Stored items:
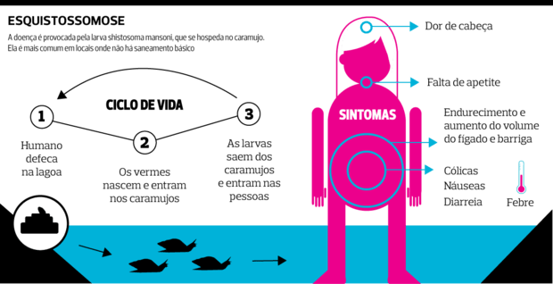 Notícia de surto de esquistossomose em área turística da Bahia, com casos também em turistas.
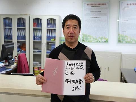 图为马振杰展示“残疾人体育精神奖”提名奖纪念名册
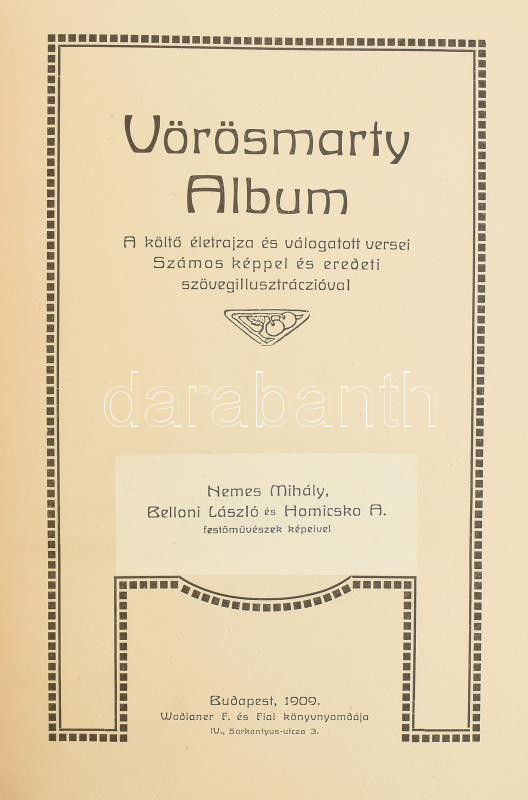 Vörösmarty Album. A költő életrajza és válogatott versei. Számos képpel és eredeti szövegillusztrációval. Szerk.: Salusinszky Imre. Műmellékletek nélküli, népszerű kiadás. Bp.,1909, Wodianer F. és Fiai. 240 p.+ 6 t. A lapok tetején szecessziós könyvillusztrációkkal. Nemes Mihály, Belloni László, és Homicsko A. egészoldalas illusztrációival. Kiadói aranyozott, dombornyomott díszítésű egészvászon-kötés, Gottermayer-kötés, kopott borítóval.
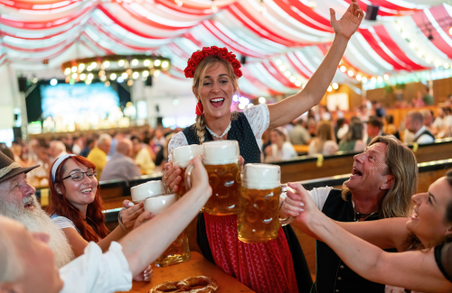 Oktoberfest's roots can be traced back to 1810 in Munich, where future King Ludwig was married, inviting the entire city to attend the celebration. The event, starting in mid or late September, attracts more than seven million national and international visitors annually. People dress in traditional Bavarian attire, enjoy traditional Bavarian foods (such as pork knuckle) and, of course, drink plenty of beer served in large steins.
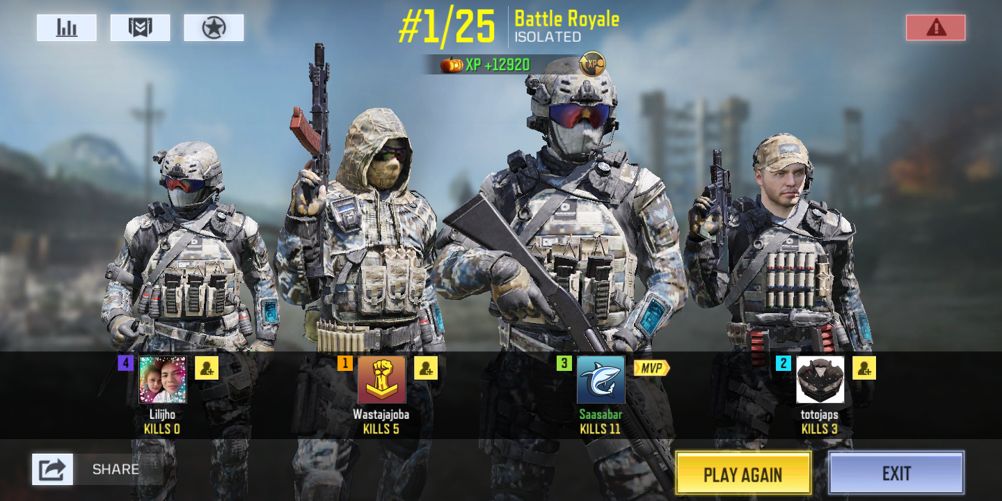 admin Admin Administratif Membre Premium Jun 27, 2019 13,107 11,033 167 Earth 25 Nov 12, 2019 #2 Hey there, thanks for your suggestion! This challenge is now official and can be found here: https://www.glitch.win/index.php?threads/cod-mobile-challenge-last-squad-standing.1560/ 2 Glitch Credits have been added to your account.
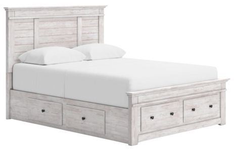 Looking to create a bedroom that feels airy and beautifully put together? This casually comfy queen panel storage bed is your perfect solution. Its clean lines, whitewash finish and replicated pine grain exude a charming cottage-inspired feel that brightens your restful retreat.Read More
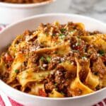 This classic Homemade Bolognese Sauce is a rich and hearty Italian meat sauce made with ground beef and pork, simmered slowly with vegetables, red wine, milk, and tomatoes to develop deep, layered flavors. Served with pappardelle or your favorite long pasta, it’s a comforting and satisfying meal perfect for any occasion.
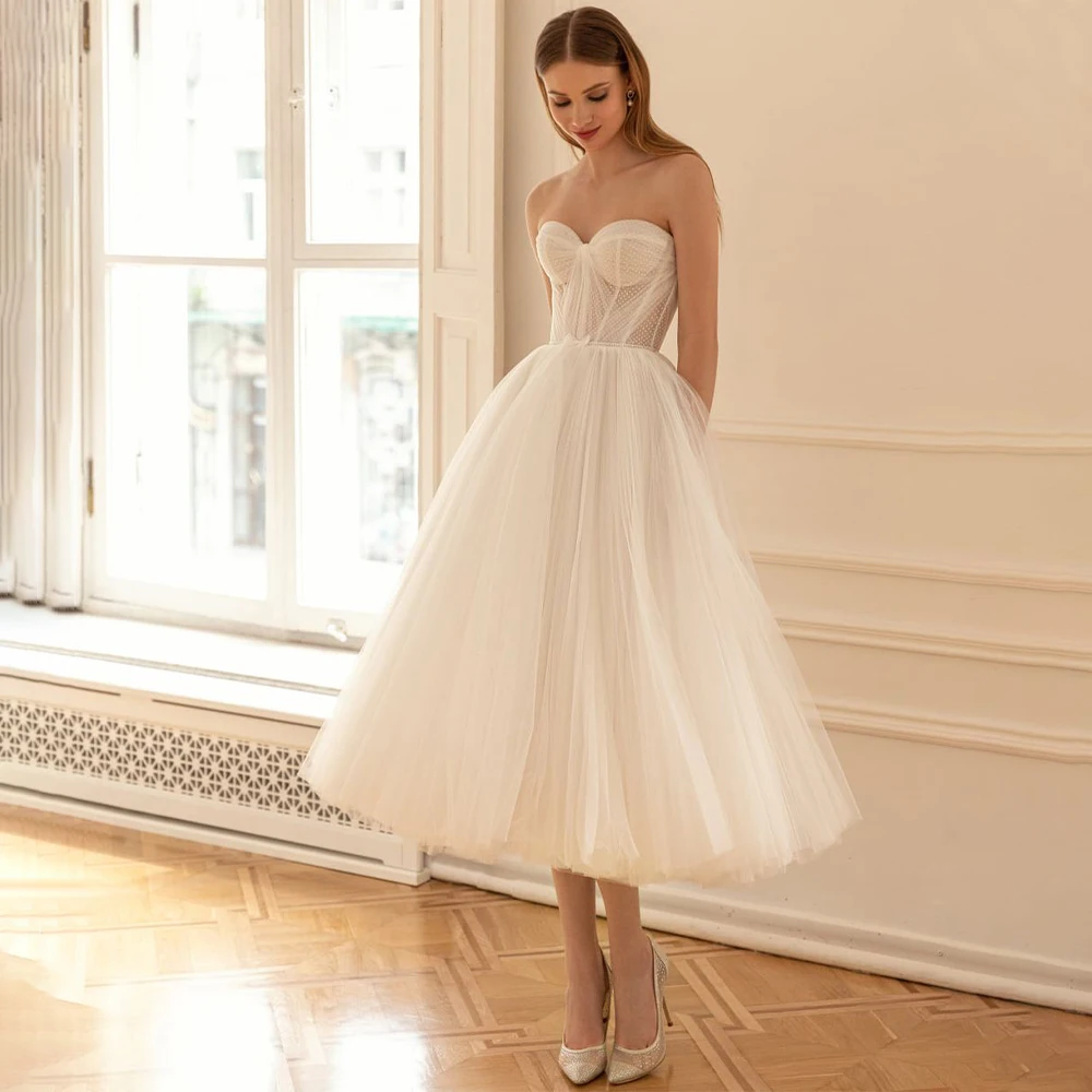 Kurzes Hochzeits kleid für die Braut eine Linie Schatz ärmellose Prinzessin Kleid Midi wei...
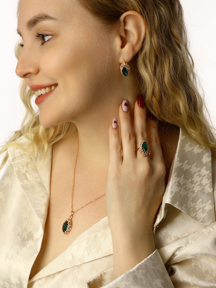 Гарнитур из трёх предметов: серьги, кулон и кольцо — это уникальный набор, который можно носить как вместе, создавая гармоничный образ, так и по отдельности, добавляя акцент в каждую деталь. Кольцо выполнено в безразмерном формате, что делает его универсальным и подходящим для любого женского пальца. Этот комплект сочетает в себе элегантность и практичность, идеально дополняя как повседневный стиль, так и вечерние наряды.
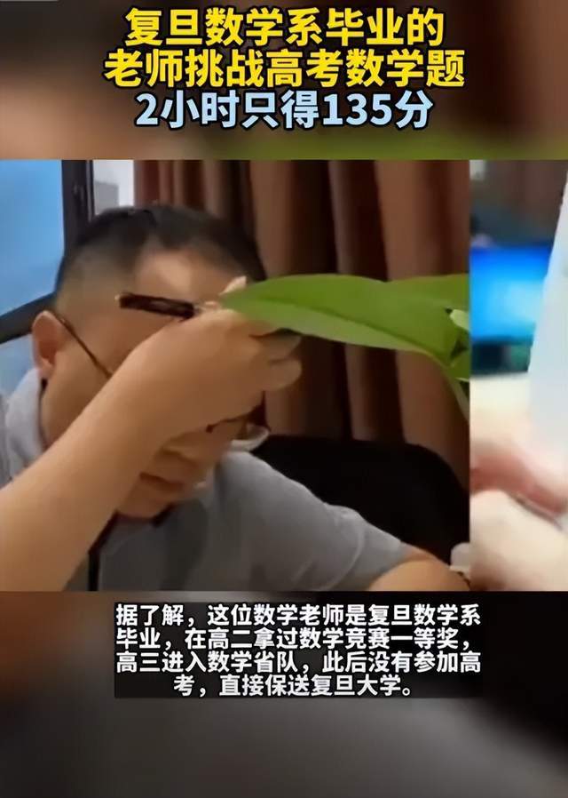 那一年,同样发出挑战的还有靠数学竞赛一等奖保送复旦大学的一名成都高中老师。根据中国网报道,最后该老师答题2小时,也只得135分。

▸ **Task**
Work from the entries above. Set down exactly and only the lines from the line with "This classic Homemade" to the line with "Kurzes Hochzeits kleid", both included, and leave the pictures out.

▸ **Solved exercise**
 This classic Homemade Bolognese Sauce is a rich and hearty Italian meat sauce made with ground beef and pork, simmered slowly with vegetables, red wine, milk, and tomatoes to develop deep, layered flavors. Served with pappardelle or your favorite long pasta, it’s a comforting and satisfying meal perfect for any occasion.
 Kurzes Hochzeits kleid für die Braut eine Linie Schatz ärmellose Prinzessin Kleid Midi wei...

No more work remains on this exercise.